It’s the inside joke for those of us who grew up going to church.
The answer is always Jesus.
For every question we’re asked in church, the only true adequate response is Jesus.
We chuckled over this in high school.
I was meeting with my new doctor the other day, going over my history, like all good mental health physicians do, when I was asked the same question I’ve been asked by every doctor since this whole recovery process started.
How are you still functioning right now?
The truth is, the only people who know every detail of my past are the doctors who ask and my sister. At this point, no one has ever heard just how much I’ve walked through. I don’t tell people mostly because I don’t feel most people in my life are ready or able to hear the details without walking away damaged themselves. I care too much about my friends to put them through the details too soon.
But in order for the doctors to help me, they have to know, which is why they ask the questions they do.
Literally every doctor asks me how I’m thriving now. They look at me like I must hold the magical cure for adverse behavior.
I’ve been told I should be different. I should be leading a very different life right now. Or at the very least, I should be recovering from a very different life.
But as of today, the only thing I am recovering from is a previously undiagnosed mental illness and current sugar hangover.

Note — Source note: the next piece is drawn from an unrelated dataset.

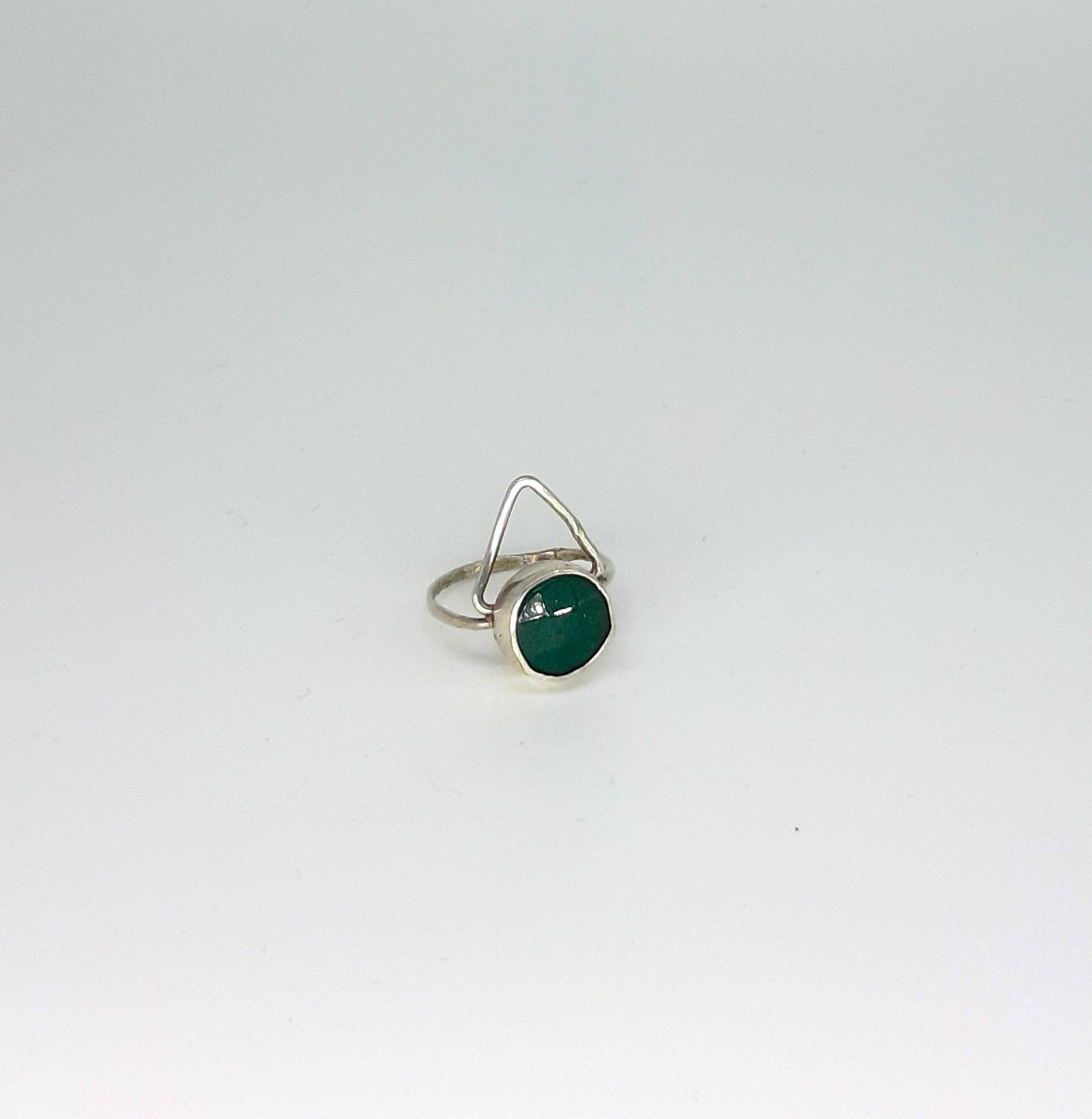 Jade Triangle Round Ring: Where Elegance and Mastery Meet Reflecting a deep appreciation of culture and craftsmanship, bringing together the natural beauty of jade and the skill of craftsmen, the Jade Triangle Round Ring tells a story on your fingers. This ring bears the touch of master hands and traces of a centuries-old tradition in every detail. While the peaceful green tones of jade shine like a drop from the heart of nature, the perfect harmony of triangular and round forms reveals a splendor hidden in simplicity.
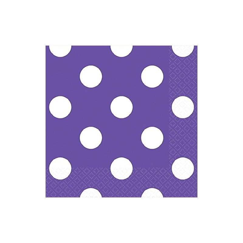 Amscan Party Supplies Dots Beverage Napkins, 5" x 5", New Purple/White

You are a peculiar woman. The doctor eyes me with a smile.
I swallow my anxiety. What do you mean? What had I done wrong? I clasp my hands, feeling dread.
You are brave. She responds. It takes a brave woman to live like you do with all the adversity you have experienced. It’s very impressive.

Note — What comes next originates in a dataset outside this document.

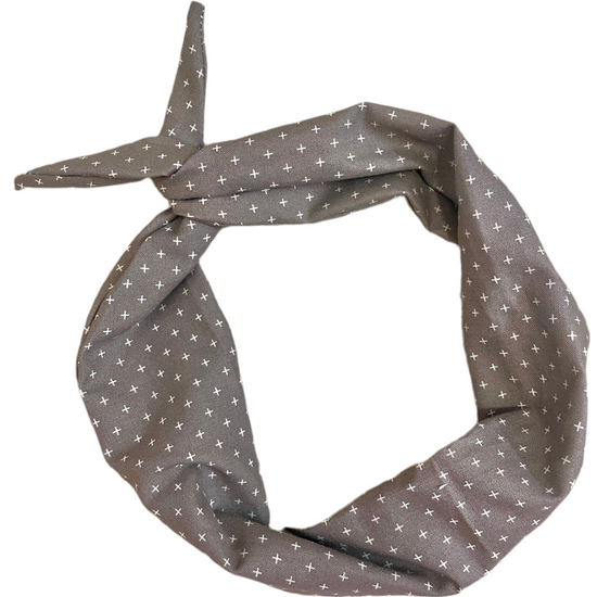 This Original Tie Headband features a soft gray fabric with a small cross repeating pattern. A lovely neutral that is perfect for daily wear.
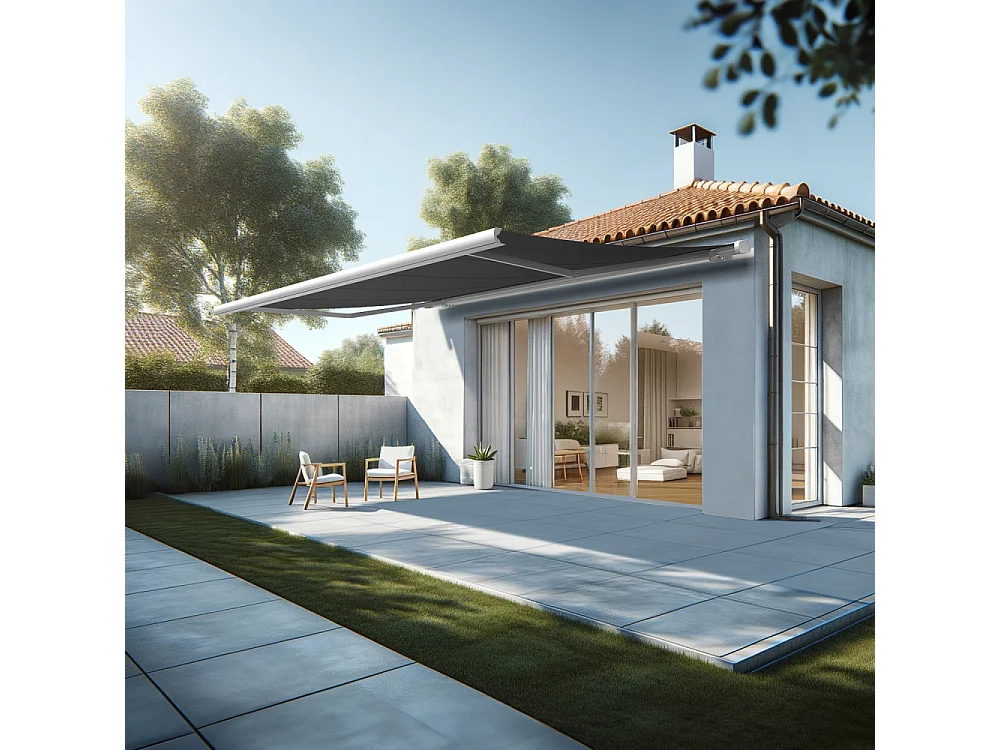 Store banne coffre MEEL 5,00x3,00m (Motorisé à télécommande + manœuvre de secours - Gris Graphite - Blanc)

I try not to cry. I do not feel brave. I feel terrified. I have cried three times today and have begged God all day to give me peace to no avail.
Thank you is all I can muster.
What is your secret? The doctor asks with eager anticipation.
I want to groan. I am annoyed that God has still not granted me peace yet. My faith. Jesus.
She seems disappointed. They always do. No doctor I’ve met yet has been satisfied that Jesus is the reason I am not what I could’ve been.
But there’s nothing else I could say. Jesus is the only true adequate response.